The comfort of incompetent terrorists
It's tempting to assume that all jihadists are as bungling as Faisal Shahzad, argues Sahanand Dhume in The Wall Street Journal—but we do so at our peril

Faisal Shahzad, the U.S. citizen accused of attempting to bomb Times Square, made a laughably inept attempt at a jihadist attack, writes Sahanand Dhume in The Wall Street Journal. Not only was his "car bomb" seemingly designed by Wile E. Coyote, he left a paper trail so obvious authorities tracked him down in less than 48 hours. But for every Shahzad, there's a Mohamed Atta, "another privileged young man educated in the West and drawn to radical Islam." It does not pay to ignore that threat, warns Dhume. An excerpt:
"On the face of it, the sloppiness of Mr. Shahzad and his ilk ought to be welcome. Who in his right mind would prefer a terrorist threat metastasizing among punctilious Japanese, hard-charging South Koreans, or the relentless Vietnamese? But there's also a downside to someone like Mr. Shahzad transitioning seamlessly from a smoking SUV to the late-night routines of Jon Stewart and Jay Leno. It inadvertently bolsters those who pooh-pooh radical Islam—the sharia-minded version of the faith that spawns jihadists around the world—as a threat not worth taking seriously.

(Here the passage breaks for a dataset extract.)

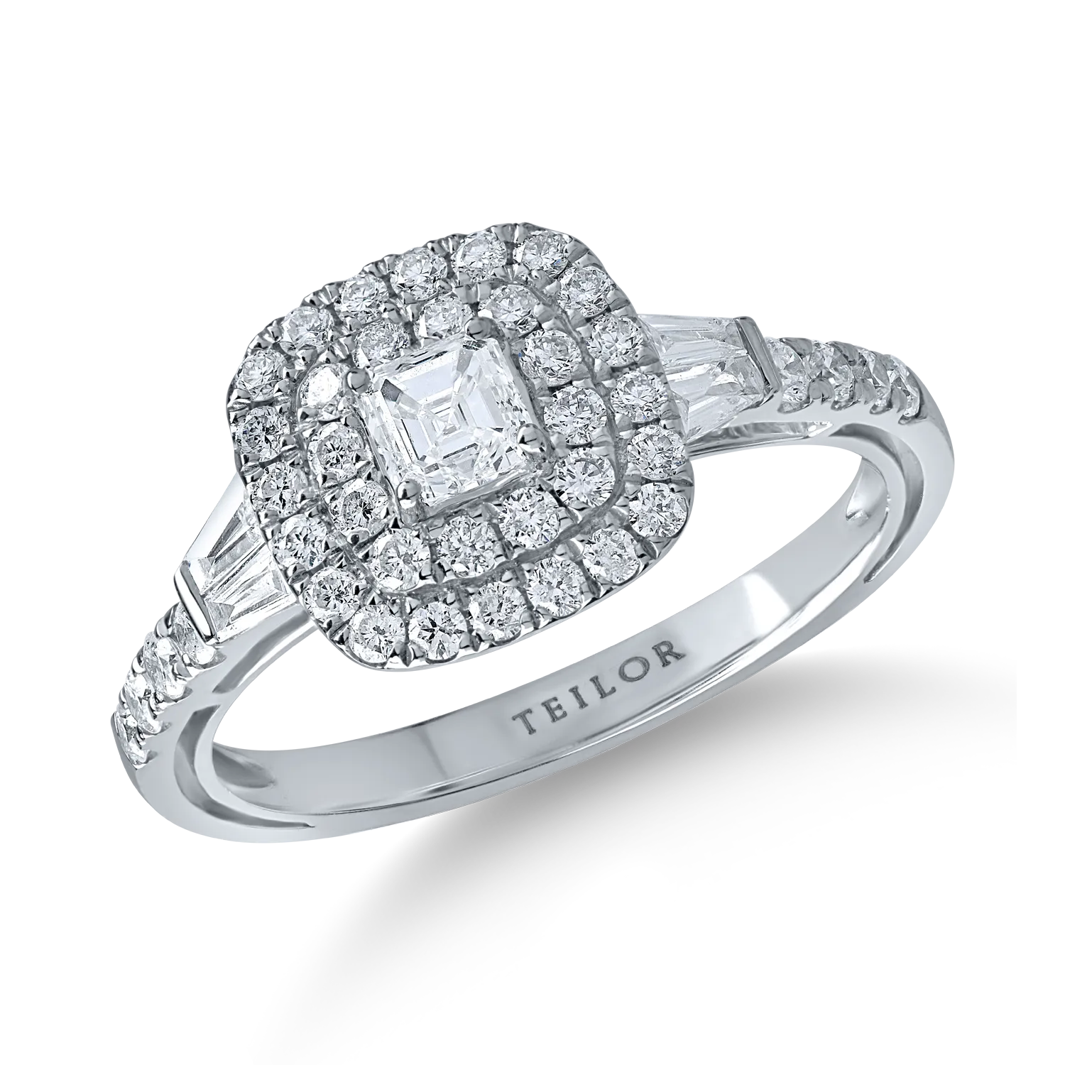 Feminitate si atitudine. Asorteaza acest inel din aur alb cu diamante microsetting cu taietura asscher, baguette si rotunde de 0.94ct tinutelor preferate si exprima-te in mii de feluri. Taieturile asscher si baguette evidentiaza geometria rafinata a designului si pun in valoare stralucirea diamantelor, creand o armonie subtila intre forma si lumina. Perfect echilibrat intre clasic si modern, acest inel aduce o nota de eleganta discreta oricarei tinute. Alege perfectiunea cu TEILOR, o lume in care cream povesti memorabile impreuna cu tine!

"Unlike Nazi Germany with its Panzers and SS divisions, or the Soviet Union with its cosmonauts and nuclear physicists, the Muslim world is marked by sloth, squalor, and inefficiency. As a result, the threat from radical Islam—unlike past threats to free societies—represents a Third World totalitarianism, difficult to grasp and easy to dismiss. Against this backdrop, bumblers like Mr. Shahzad help perpetuate a false sense of security."